Open question to @hps: Why "the final callback should not be called locked" here? If the final callout is indeed going to free the callout structure, it does not have to free the lock used to protect this callout. They can have different lifetime.
That is right, though I think it is not common to use a lock to protect a destructur. In the callout subsystem locks are mostly used to ensure an atomic stop of a callout. Because the destructor should not be cancelled, it can be called unlocked.
For example, if the TCP timer callouts were non-MPSAFE (yeah), you would use the inp_lock as callout lock and when the final callout tcp_timer_discard() is called only the callout structure is freed but not the inp_lock that can be safely unlocked.
When is the "inp_lock" destroyed?
Of course if you use a non-MPSAFE callout and destroy both callout structure and the lock in callout in the callout_drain_async() discard function, it will crash when trying to unlock it. But it seems to be more callout user/documentation issue to me.
Possibly one mutex covering multiple callouts will be fine too with regard to SMP, but the problem is then we don't know which callouts to drain before freeing this common mutex, because the callouts are already freed?
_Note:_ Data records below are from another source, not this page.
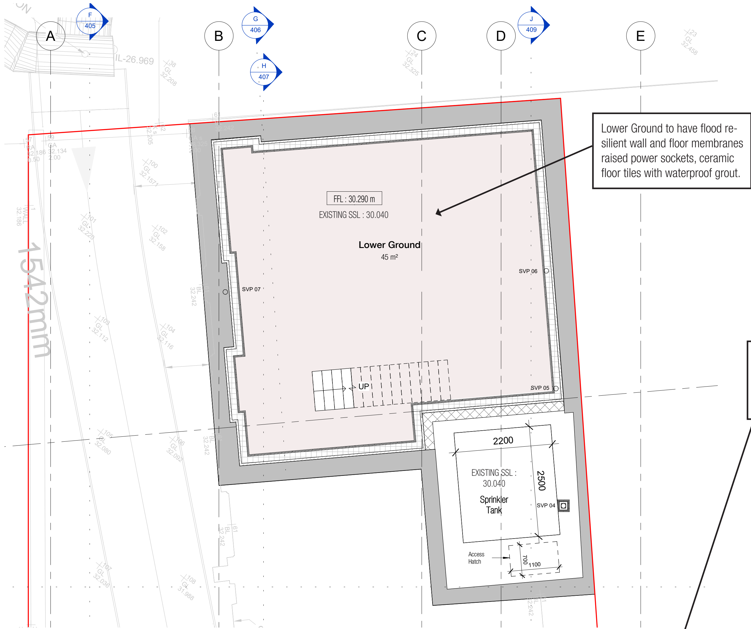
PROPOSED BASED FLOOR PLAN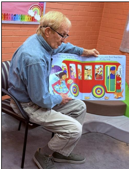
Herb reading to children at Newton Child Development Center.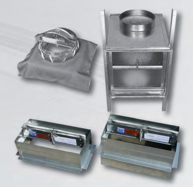
Models 0755, 0756, 0757 & 0757D (L to R)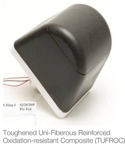
Toughened Uni-Fibrous Reinforced Oxidation-resistant Composite (TUFROC)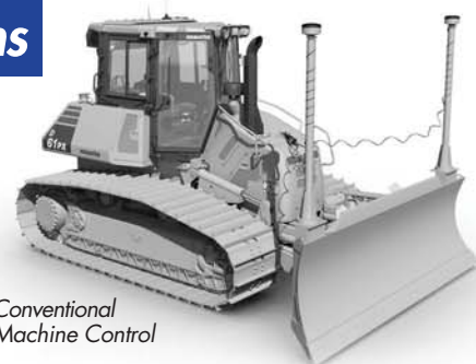
Conventional Machine Control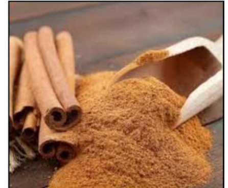
CINNAMON CYNAMON CANELA SCORȚIȘOARĂ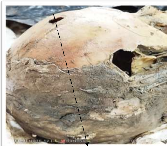
Figure 5:- Direction of the bullet (backwards, downwards, right side)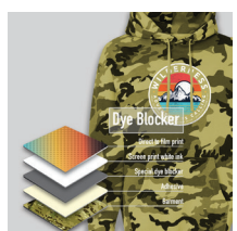
UltraTranz™ Dye Blocker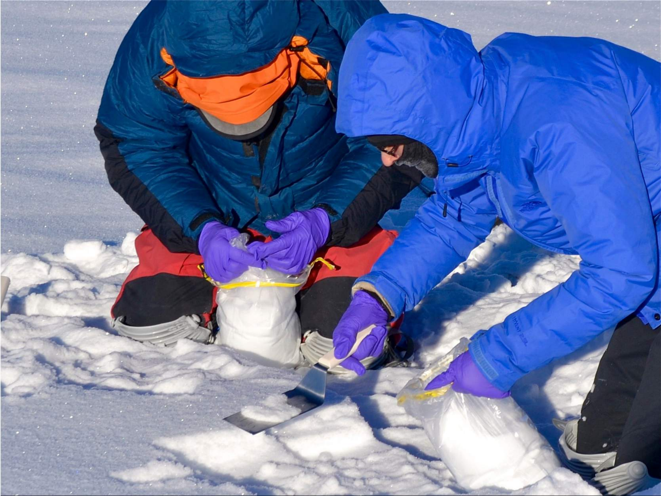
La Ola, 3600 m altitude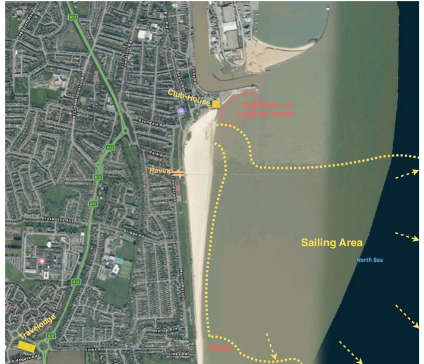
Travelodge -to- Clubhouse = 1.3miles (straight) = 2.3miles (drive)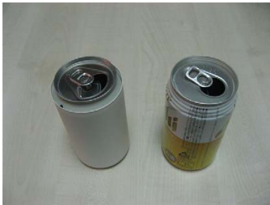
Aluminum products can developed by means of “deep drawing”

I have never been unsuccessful in work related to my specialty, “deep drawing”(i.e., a metal working process in which thin sheet metal is formed into a seamless cylinder such as a ballpoint pen, a lipstick holder or an aluminum can). A pull-tab aluminum can with a larger opening (like the can on the left in the photo) was invented by me. I can give you some tips. No matter how much I seem to be repeating a never-ending cycle of failures, I never give up, at any cost, until I achieve success. Just because I never gave up, nothing was ever impossible when my work involved deep drawing.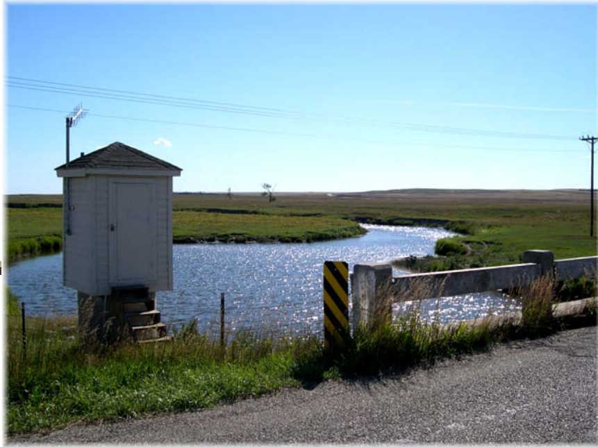
National Oceanic and Atmospheric Administration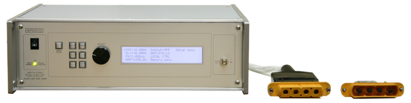
Pulser mainframe (left) with AK9 kit, including the AV-HLZ1-100 output cable (middle) and mating adapter (right)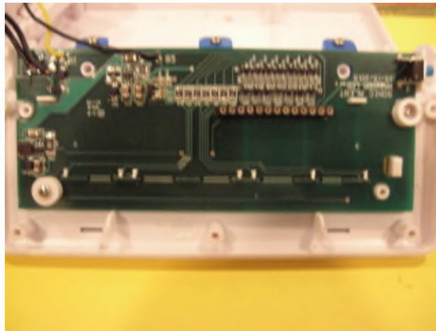
LED PCB Bottom View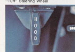
Inside Hood Release

How could you solve that? pause("W", 1)?
Then I think it would be better to allow a mutex being associated with a callout to be destructed inside the destructor.
The right way to do this is so that
callout_stop_async_drain(struct callout *, drain_function)
is made.
It calls into
__callout_stop(co, 0, drain)
When we hit the return 0 in the safe == 0 case, because our callout
is running, we save drain in the callout's structure (where exec is at) and
return 0.
The guy getting the return will know that nothing was stopped, but his function will
be called at the end.
The callout system then after re-acquiring its lock when running the callout.. then calls
the callout-drain function saved..
There will be some thoughts needed on the locking of that call.. probably best to redrop the callout system
lock and call it again.. but that should be ok.
I will be more than glad to do this at the vendor summit today.. if thats ok with you Hans..
I will be more than glad to do this at the vendor summit today.. if thats ok with you Hans..
Yes, it is OK with me if you implement it like that. That's similar to what I've already done in projects/hps_head.